Повидать профессора Вануну они смогли только ранним утром. Его лечащий врач из университетского медицинского центра Хадассах, человек средних лет по фамилии Мензер, рассказал, что археологу сломали нос, руку и несколько ребер. Кроме того, у него обнаружили трещину в черепе. И это не считая мелких ушибов, ссадин и кровоподтеков. Еще бы немного, и он не выжил бы.

— Другими словами, его отделали, как сноп на молотилке, — сказал Мензер, буравя их пристальным взглядом.

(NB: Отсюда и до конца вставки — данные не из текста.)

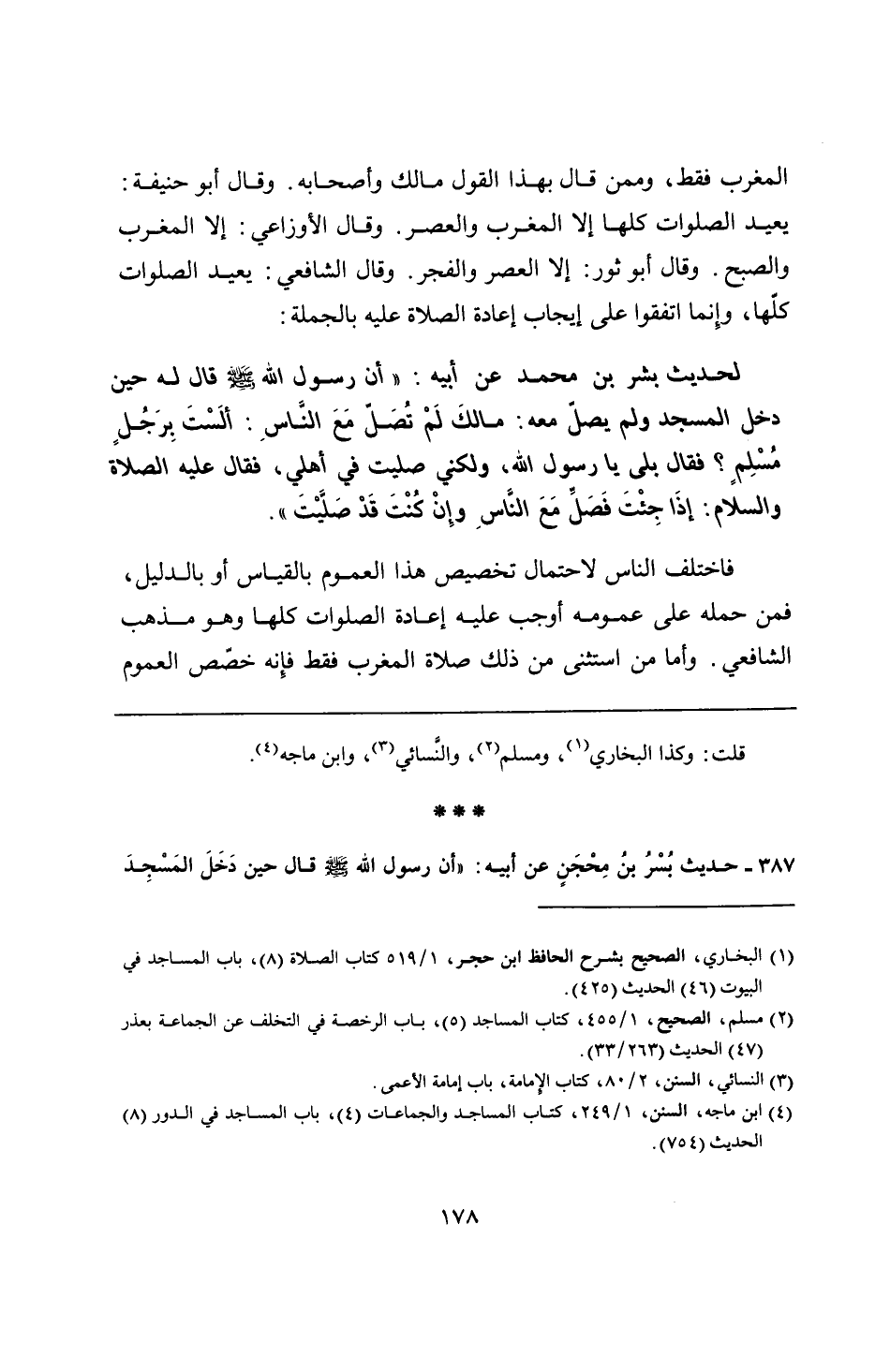387 - حديث بُسْرُ بنُ مِحْجَنٍ عن أبيه: "أن رسول الله - صلى الله عليه وسلم - قال حين دَخَلَ المَسْجِدَ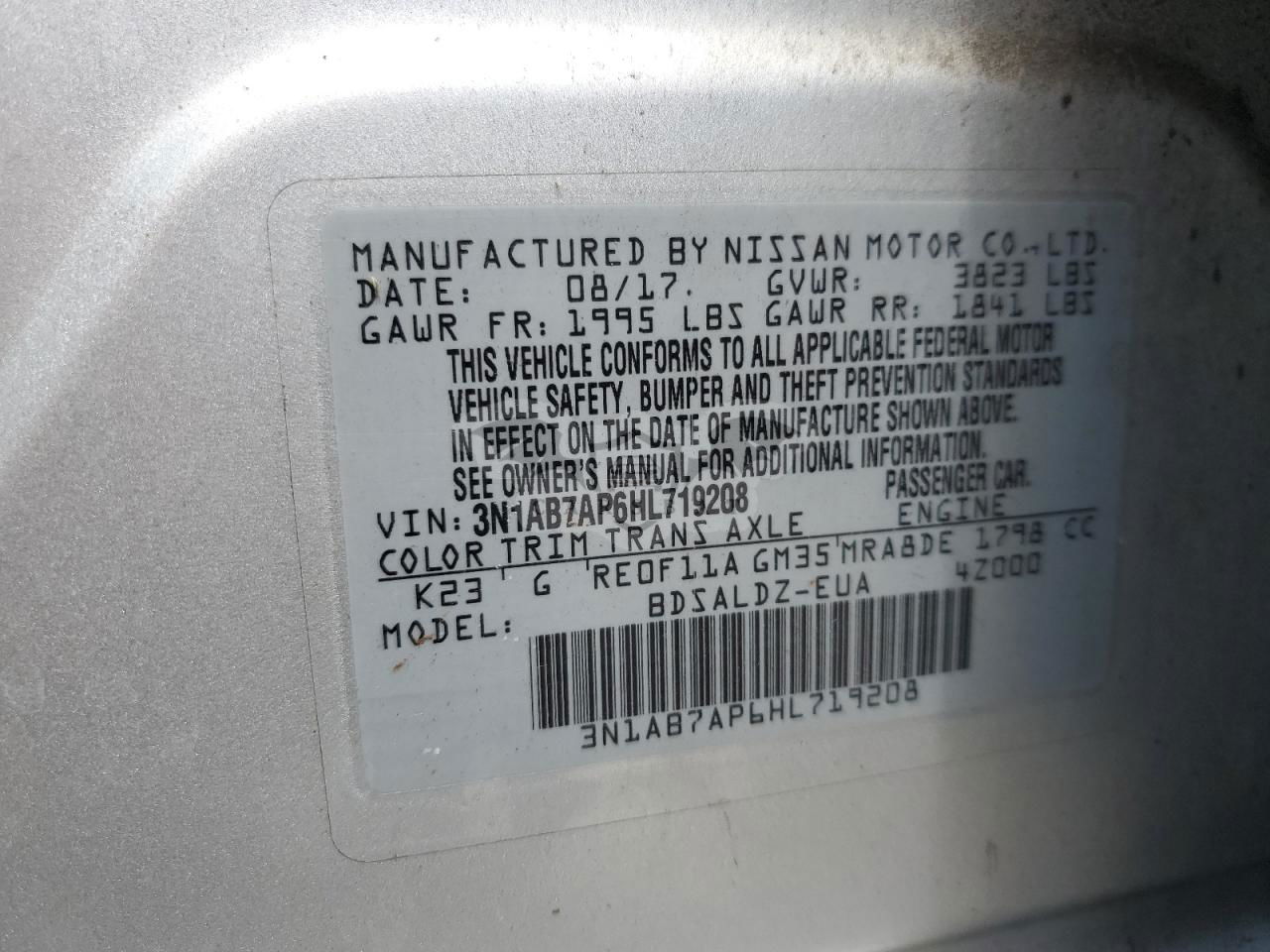 • VIN: 3N1AB7AP6HL719208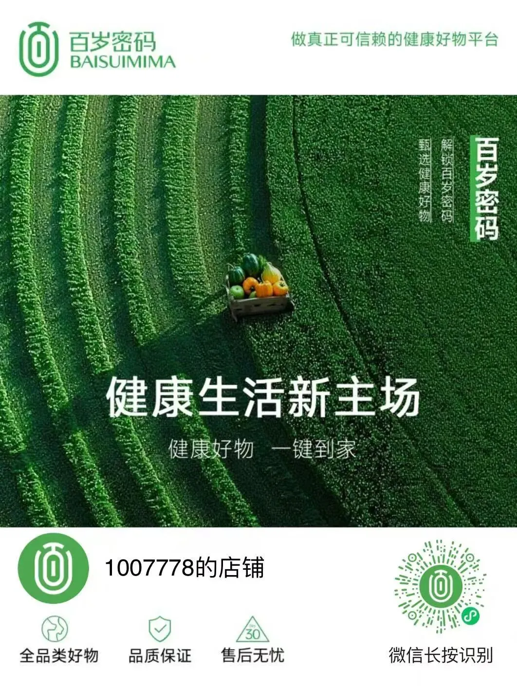 百岁密码,为您开启健康与财富的双赢之门!这里不只是健康好物的品质之选,更是您的轻创业理想平台!加入百岁密码代理、百岁密码加盟,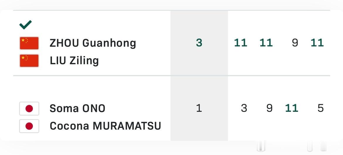 2025年国际乒联世青赛 U15混双1/4决赛🇨🇳刘子菱/周冠宏3比1村松心菜/大野飒真🇯🇵(11:3,11:9,9:11,11:5)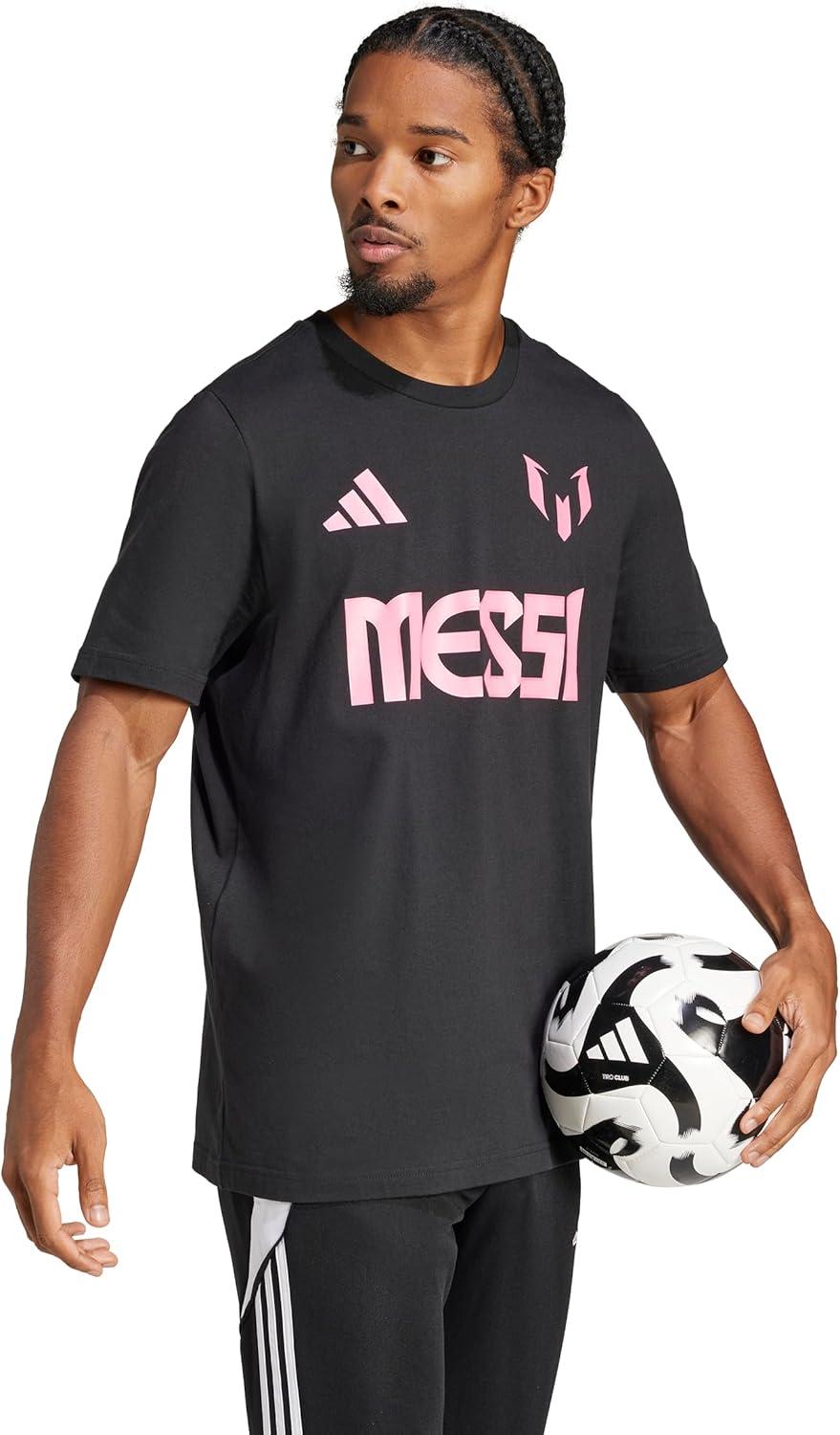 Celebrate the GOAT in this adidas graphic soccer t-shirt for men. Bold graphics of Lionel Messi's name and number pop on the front and back. Soft single jersey fabric keeps you comfortable whether you're scrimmaging in the park or cheering on the beautiful game's star player.

Несомненно, он задавался вопросом: знали ли они, почему такая неприятность произошла со скромным профессором-археологом, работавшим допоздна в своей лаборатории?

Исидор Ландсман тоже поглядывал с любопытством. Подвозя их в хирургическое отделение Маунт-Скопус в университетском городке Хадассы, полицейский поинтересовался, почему в журнале охраны факультета археологии среди сегодняшних — вернее, уже вчерашних — записей кроме фамилии профессора Вануну записаны только их имена? Почему они были с профессором в лаборатории? Каковы их отношения? Где они были перед посещением университета? Куда отправились после того, как оставили профессора, и все ли было с ним в порядке? И несколько раз прозвучал вопрос: кто мог избить профессора Вануну до полусмерти и бросить его умирать на цементном полу полуподвального помещения?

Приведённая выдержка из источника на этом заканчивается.